Harm reduction, she said, is a spectrum, less about needles and meth pipes and more about reductions in HIV and other communicable diseases.

Some of her counterparts working in outreach and law enforcement question the outcome of a decade of policies based on that philosophy.

“We have not seen the effects of 10 to 12 years straight of hardcore meth abuse. Nobody’s even studied that,” the deputy said. “It’s not so much about mental illness, but this unprecedented drug abuse.”

Researchers have increasingly acknowledged the links between meth-induced psychosis and schizophrenia, but the two diagnoses have overlapping clinical profiles, and their differences, similarities, and correlation remain under-defined.

To some watching the crisis unfold, the link seems clear enough, especially in the punishing summer heat.
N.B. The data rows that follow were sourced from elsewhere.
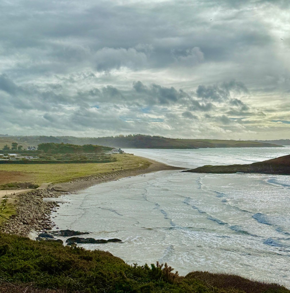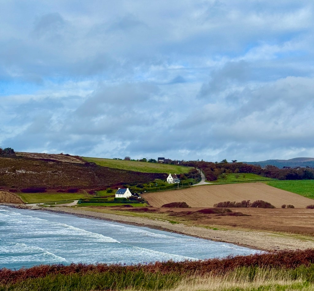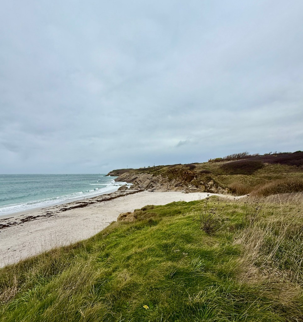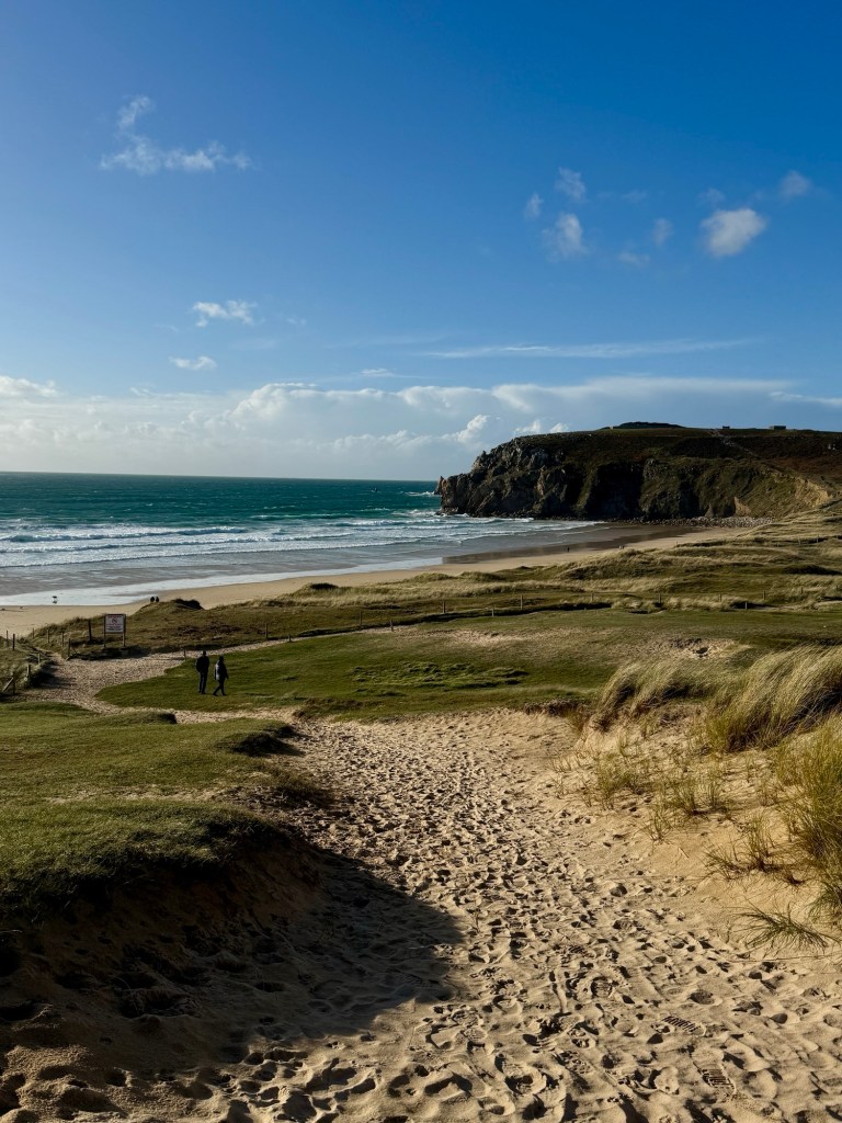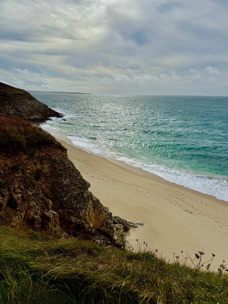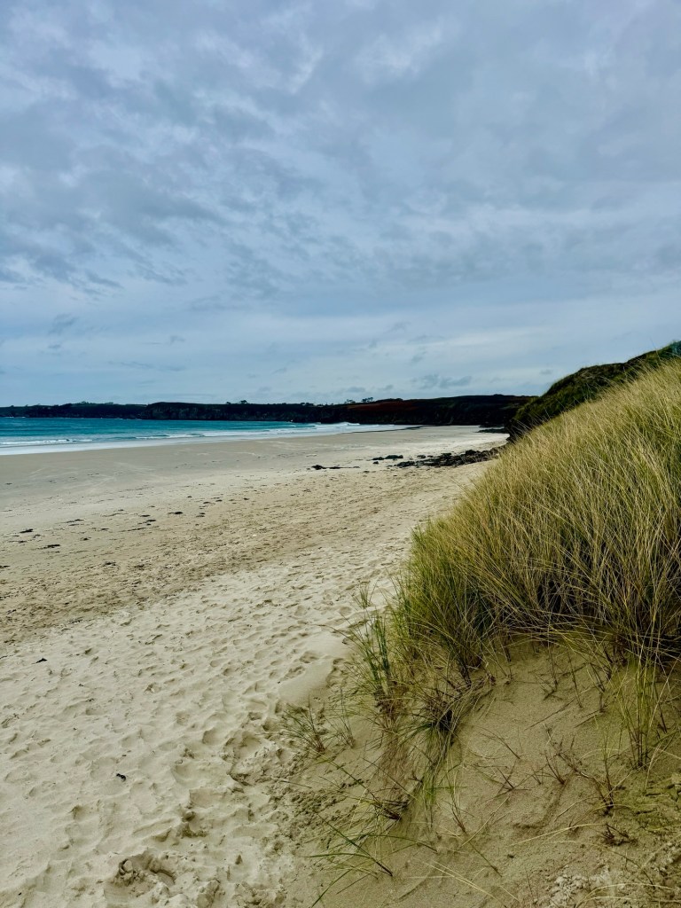 Our next and last stop was not so much a beach walk as a dune walk as the tide is almost at its peak – Plage de St Anne la Palud and over a headland to look down onto Anse de Kervijan….
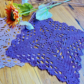 Veil of Avelisse doily pattern is a versatile design. The pattern comes with instructions on how to join to create either a table runner/scarf or a tablecloth.
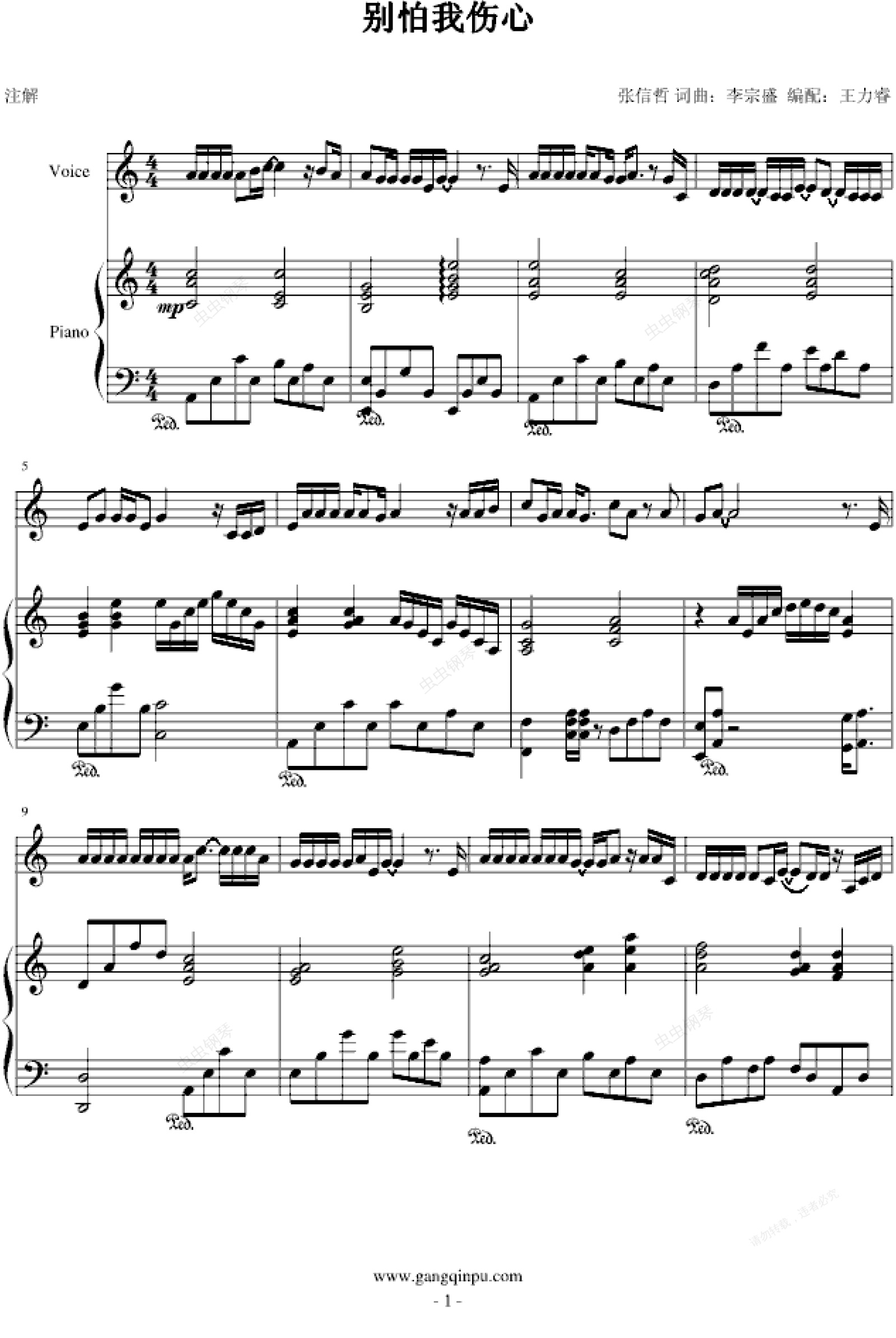 钢琴谱:别怕我伤心
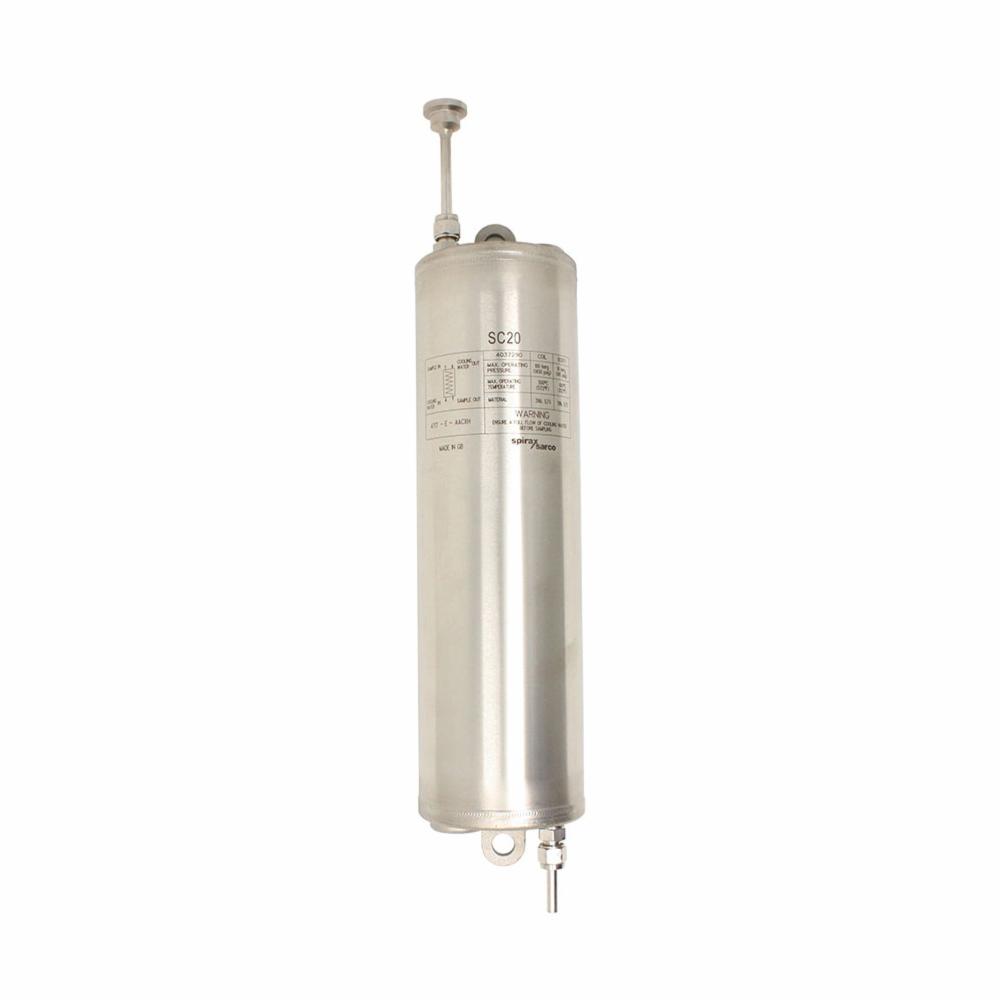 The Spirax Sarco SC20 sample cooler is used to cool samples of boiler water or steam. The cooler consists of a stainless steel coil, through which the sample flows, and a stainless steel body, through which cooling water flows in the opposite direction. A pre-drilled mounting bracket is incorporated into both end caps.
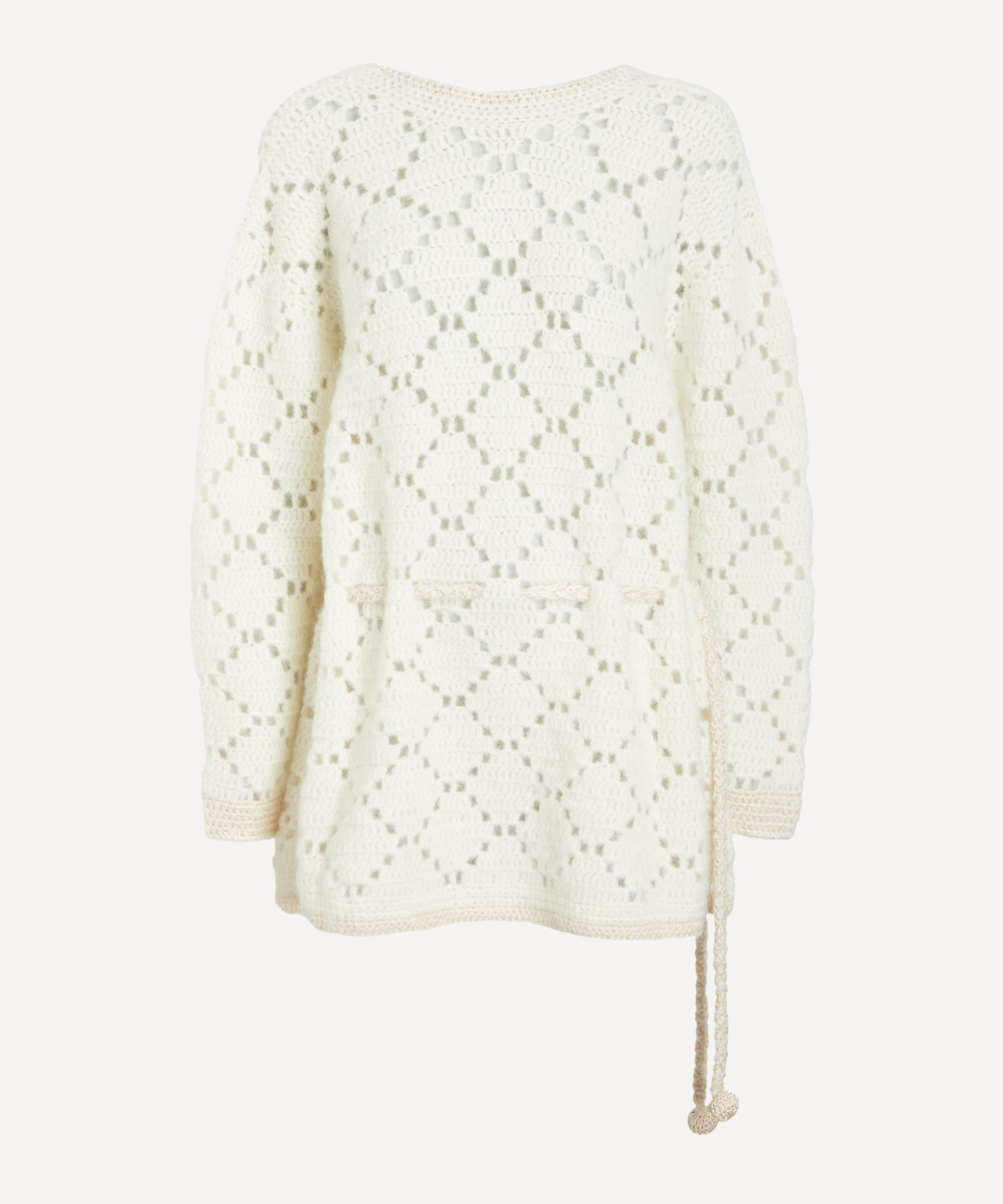 DETAILS Wool-mohair knitted mini dress Hand-crocheted openwork Loose fit Long sleeves Boat neckline Round, low-cut back Drawstring waist ties with pom-pom SIZE & FIT Model is 175cm/5'9"; Chest: 76cm; Waist: 58cm; Hip: 90cm and wears a size 8 COMPOSITION & CARE 38% Polyamide; 32% Wool; 30% Mohair Dry clean

Unfortunately, they can do little to intervene in the slow-motion catastrophe happening at scale.

“When we go out and offer [treatment] services, 99 percent turn it down. So we give them flyers and information,” a city outreach worker said.

California Gov. Gavin Newsom issued an executive order on July 25 directing state agencies and departments to “urgently address encampments on state property,” as well as “guidance for cities and counties to do the same.”

Per the order, state bodies are to adopt California Department of Transportation policy, which prioritizes clearing encampments that “pose a threat to the life, health and safety of the community,” while offering advance notice, working with local service providers to support encampment residents, and storing their personal property for 60 days.

Despite Mr. Newsom’s tough rhetoric, telling local governments “there are no longer any excuses” after the state has invested more than $1 billion in encampment resolution grants, the order “encourages” local governments to follow suit but doesn’t mandate that they do.